Afera "dieselszwindel"

Pogrom wśród producentów. 40 popularnych modeli zniknie z rynku?

Diesel schwindel - jak w branżowych niemieckich mediach określa się aferę dotyczącą stosowania przez Volkswagena oprogramowania mającego fałszować rzeczywistą emisję spalin - zatacza nowe kręgi.

Pod wpływem krytyki obowiązującego aktualnie w Unii Europejskiej cyklu pomiarowego NEDC, niemiecki ADAC postanowił poddać nowe samochody ciekawej próbie. Przypominamy, że od 1 września bieżącego roku producentów sprzedających pojazdy w Unii Europejskiej dotyczy norma emisji spalin EU6. W oparciu o nią przedstawiciele ADAC postanowili sprawdzić emisję poszczególnych, oferowanych dziś na europejskim rynku, pojazdów wykorzystując do tego nowy - zaaprobowany przez ONZ - test zużycia paliwa.

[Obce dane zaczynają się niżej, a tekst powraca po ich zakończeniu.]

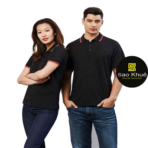Áo màu đen phối viền cổ và viền bo tay sọc đỏ sang trọng, chuyên nghiệp cho doanh nghiệp, công ty.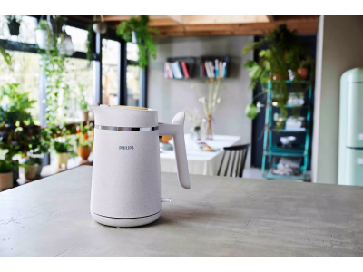 De 100% biobased plastics** zijn gemaakt van biologische en hernieuwbare bronnen, zoals zonnebloemolie. Gebruikte olie die bij het koken achterblijft, wordt verzameld en gerecycled via een milieuvriendelijk proces om deze geschikt te maken voor contact met voedsel. De waterkoker heeft een meervoudig veiligheidssysteem om te voorkomen dat deze ook zonder water werkt.

Warto podkreślić, że członkowie niemieckiego automobilklubu testowali pojazdy pod kątem aktualnie obowiązującej normy. Zmienili jedynie sposób przeprowadzania pomiarów na taki, który obowiązywać ma w krajach Wspólnoty od 2017 roku. Wyniki tego eksperymentu śmiało uznać można za zdumiewające. Szokować może zwłaszcza rzeczywista emisja, niezwykle szkodliwych dla zdrowia tlenków azotu NOx.

Reklama

Na przeszło sześćdziesiąt przetestowanych pojazdów w limitach wyznaczonych przez EU6 (w wielu przypadkach o przysłowiowy włos) zmieściło się... 18 modeli!

Co zaskakujące - z największym zapasem - w normie zmieściło się BMW X6 xDrive 3,0d Steptronic. Większych problemów nie miały też: Citroen C4 BlueHDI 120, Mercedes V 250d lang 7-Gtronic plus, BMW 218d Grand Tourer czy Mercedes S300 BlueTEC Hybrid. Wśród popularniejszych pojazdów, które w myśl nowego testu pomiaru emisji spalin rzeczywiście spełniają normę EU6, znalazły się też m.in.: Volkswagen Passat Variant 2,0 l TDI oraz - wyposażone w ten sam silnik - Audi Q3, Audi A4, Audi A6 i Skoda Superb.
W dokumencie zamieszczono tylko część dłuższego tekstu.